An implementation of Clowns to the Left of me, Jokers to the Right (Pearl): Dissecting Data Structures by Conor McBride in PureScript.

This package the following modules:

  • Dissect.Class
  • Data.Functor.Polynomial
  • Record.Polynomial
  • Variant.Polynomial

Installation

Using spago:

spago install dissect

Rationale

I originally encountered the paper while looking for stack-safe recursion schemes in PureScript, particularly with the matryoshka library, briefly mentioned in the following issue: matryoshka#9.

Quick Primer on Dissect

In essence, dissections essentially describe how to decompose a structure f a, such that all values of a can be obtained and eventually replaced with some other value of type b. Dissections effectively generalize the concept of mapping a function over some Functor f into the runtime, through the use of an intermediary representation Bifunctor q, which is parameterized by the original values a, and the replacement values b.

Let's use the following data type as a motivating example.
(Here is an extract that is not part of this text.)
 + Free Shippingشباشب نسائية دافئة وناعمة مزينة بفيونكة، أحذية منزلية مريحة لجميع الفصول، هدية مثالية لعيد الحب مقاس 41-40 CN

This List type is essentially a regular cons-list whose recursion is factored into the type parameter n. The canonical List structure can be restored through the use of the Mu type, but I won't go over that here.

data List a n
  = Nil
  | Cons a n

Writing a Functor instance for this type would be trivial—it simply involves having to match against the type constructors and applying f to the appropriate points where n appears.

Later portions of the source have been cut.